━━ GIVEN RECORDS

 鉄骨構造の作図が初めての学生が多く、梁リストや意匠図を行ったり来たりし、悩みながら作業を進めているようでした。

━━━━
━━ GIVEN RECORDS

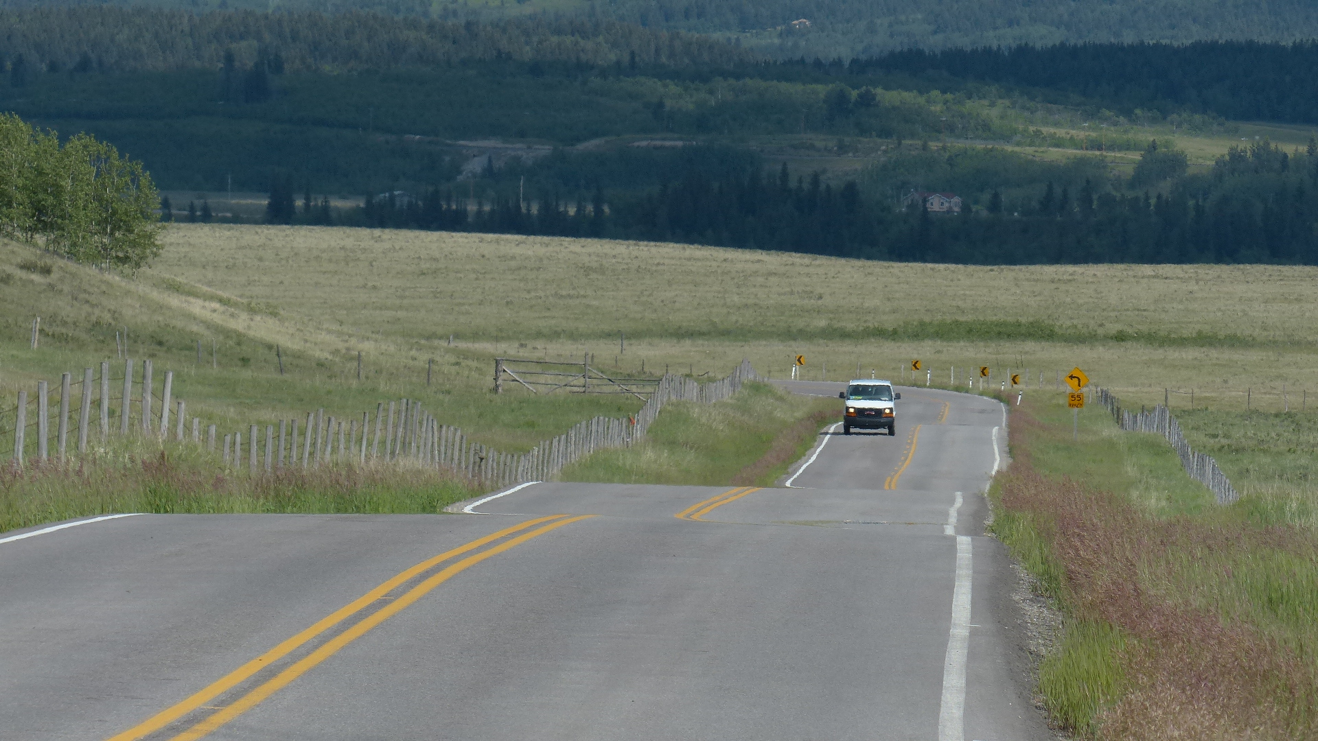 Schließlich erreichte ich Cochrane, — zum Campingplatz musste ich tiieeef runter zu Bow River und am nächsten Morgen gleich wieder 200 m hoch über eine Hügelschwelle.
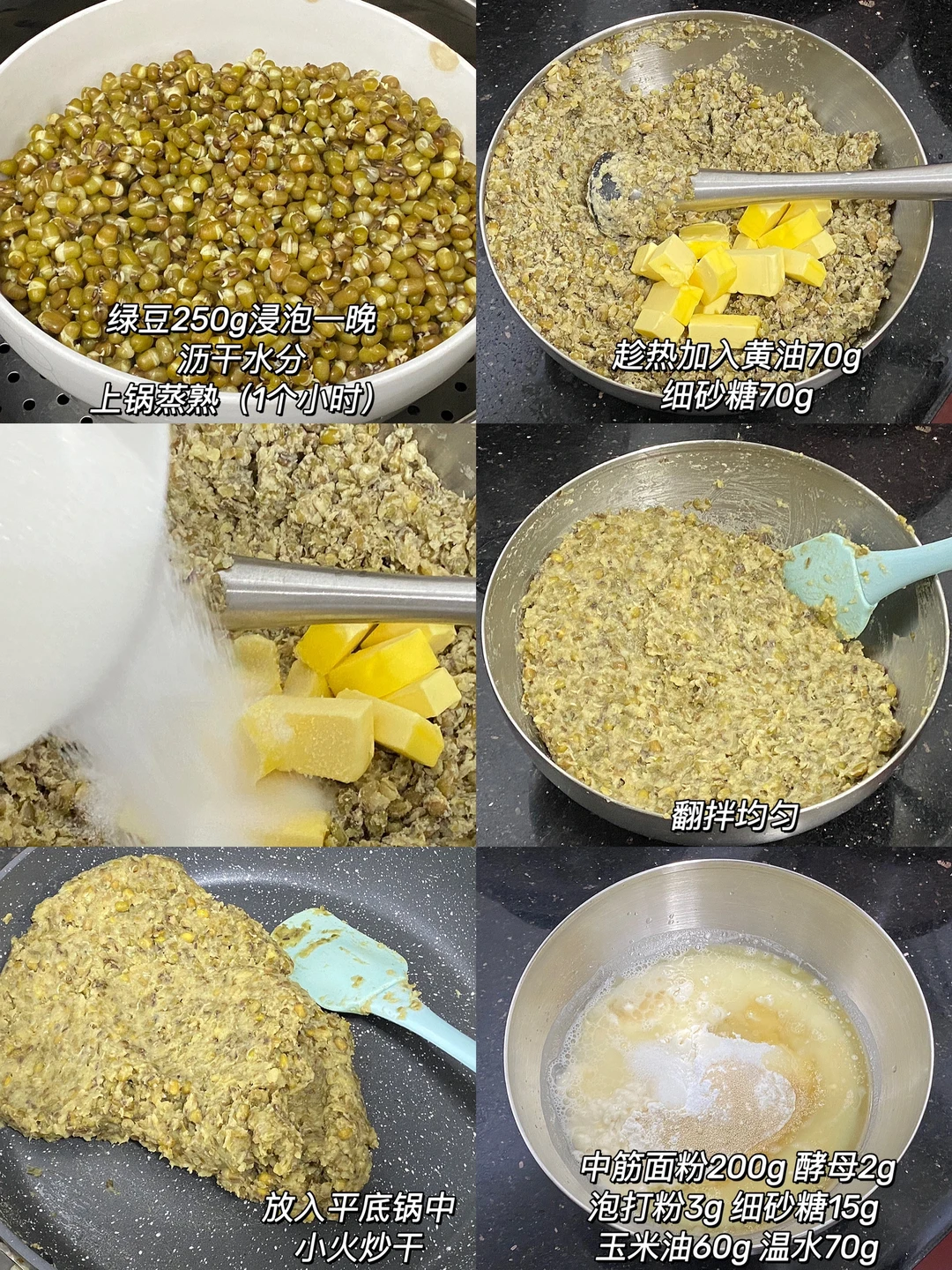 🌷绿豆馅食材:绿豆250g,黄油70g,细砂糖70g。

━━━━
━━ GIVEN RECORDS

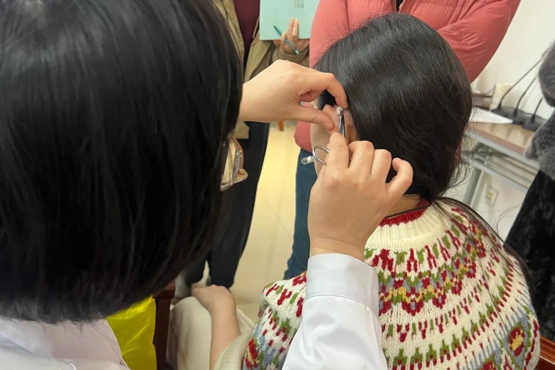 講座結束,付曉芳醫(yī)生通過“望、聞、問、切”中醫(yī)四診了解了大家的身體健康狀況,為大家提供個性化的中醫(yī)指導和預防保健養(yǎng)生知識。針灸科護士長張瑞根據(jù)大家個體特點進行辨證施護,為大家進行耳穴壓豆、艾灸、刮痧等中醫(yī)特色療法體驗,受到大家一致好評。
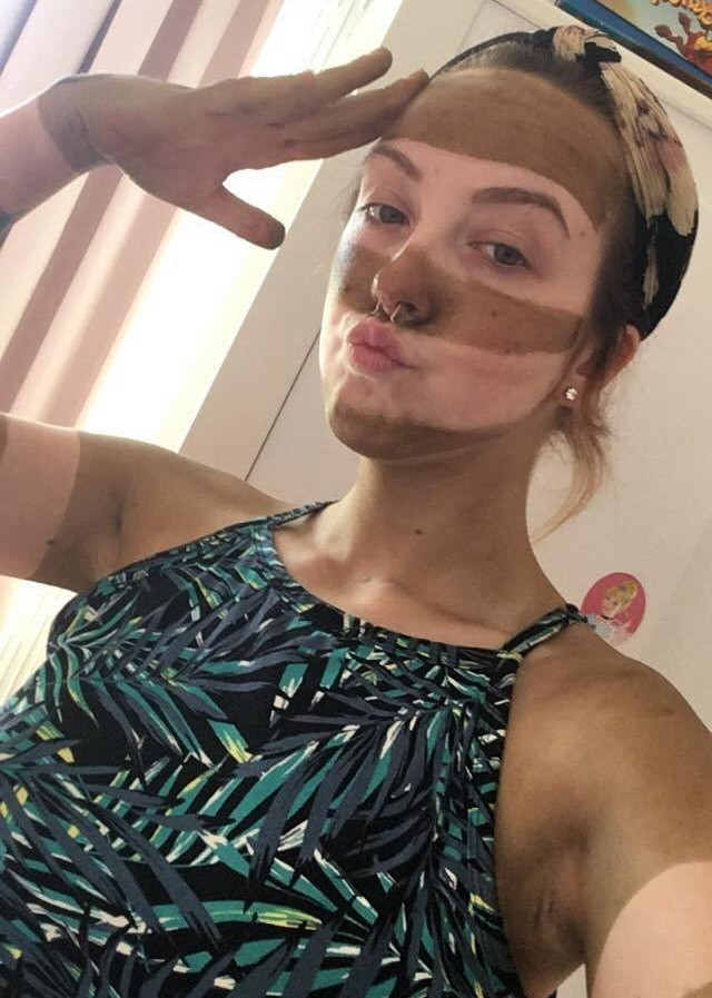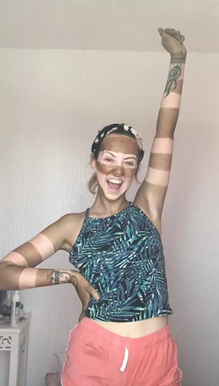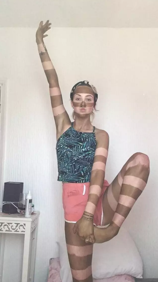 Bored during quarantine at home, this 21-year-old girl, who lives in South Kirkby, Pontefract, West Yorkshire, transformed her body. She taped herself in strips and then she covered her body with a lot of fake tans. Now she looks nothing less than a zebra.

━━━━

## REQUIREMENT
Above are the records; return the lines in them from the one with "講座結束,付曉芳醫(yī)生" to the one with "Bored during quarantine", inclusive, exactly and without images.

## ANSWER TO THIS TASK
 講座結束,付曉芳醫(yī)生通過“望、聞、問、切”中醫(yī)四診了解了大家的身體健康狀況,為大家提供個性化的中醫(yī)指導和預防保健養(yǎng)生知識。針灸科護士長張瑞根據(jù)大家個體特點進行辨證施護,為大家進行耳穴壓豆、艾灸、刮痧等中醫(yī)特色療法體驗,受到大家一致好評。
 Bored during quarantine at home, this 21-year-old girl, who lives in South Kirkby, Pontefract, West Yorkshire, transformed her body. She taped herself in strips and then she covered her body with a lot of fake tans. Now she looks nothing less than a zebra.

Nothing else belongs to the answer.